— INSTRUCTIONS TO FOLLOW —
Nothing but the lines below from the one holding "The optimization goals" up to and including the one holding "Former Prime Minister" should be copied, exactly and without pictures.

— EXTRACTED INFORMATION —
★ ★ ★ ★ ★ ★ ★

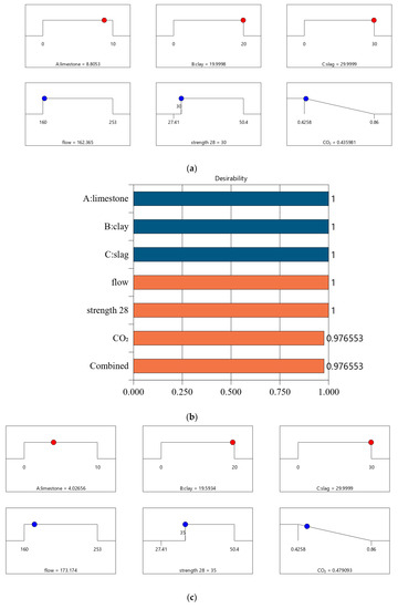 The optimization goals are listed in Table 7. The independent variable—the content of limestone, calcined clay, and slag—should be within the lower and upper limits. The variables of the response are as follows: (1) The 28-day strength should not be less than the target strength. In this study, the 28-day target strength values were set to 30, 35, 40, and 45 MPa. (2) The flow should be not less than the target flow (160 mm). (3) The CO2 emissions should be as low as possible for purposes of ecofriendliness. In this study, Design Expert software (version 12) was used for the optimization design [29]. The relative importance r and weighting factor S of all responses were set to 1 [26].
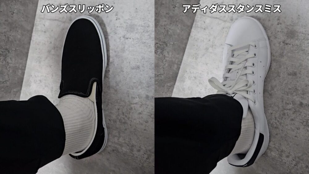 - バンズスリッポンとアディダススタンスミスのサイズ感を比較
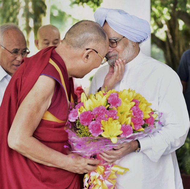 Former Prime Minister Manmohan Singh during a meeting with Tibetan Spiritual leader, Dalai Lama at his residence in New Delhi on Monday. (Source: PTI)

★ ★ ★ ★ ★ ★ ★

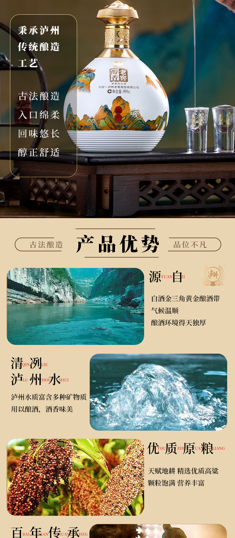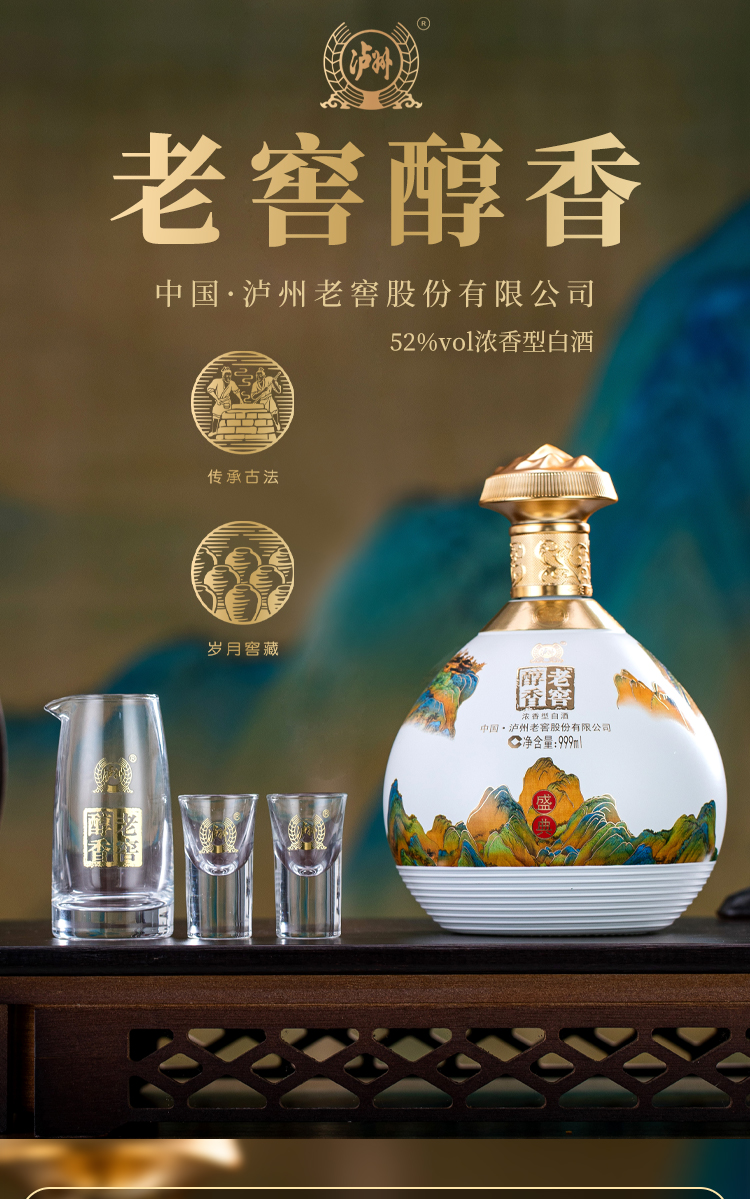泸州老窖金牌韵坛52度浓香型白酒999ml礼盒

★ ★ ★ ★ ★ ★ ★

— ANSWER TO THIS PROBLEM —
 The optimization goals are listed in Table 7. The independent variable—the content of limestone, calcined clay, and slag—should be within the lower and upper limits. The variables of the response are as follows: (1) The 28-day strength should not be less than the target strength. In this study, the 28-day target strength values were set to 30, 35, 40, and 45 MPa. (2) The flow should be not less than the target flow (160 mm). (3) The CO2 emissions should be as low as possible for purposes of ecofriendliness. In this study, Design Expert software (version 12) was used for the optimization design [29]. The relative importance r and weighting factor S of all responses were set to 1 [26].
 - バンズスリッポンとアディダススタンスミスのサイズ感を比較
 Former Prime Minister Manmohan Singh during a meeting with Tibetan Spiritual leader, Dalai Lama at his residence in New Delhi on Monday. (Source: PTI)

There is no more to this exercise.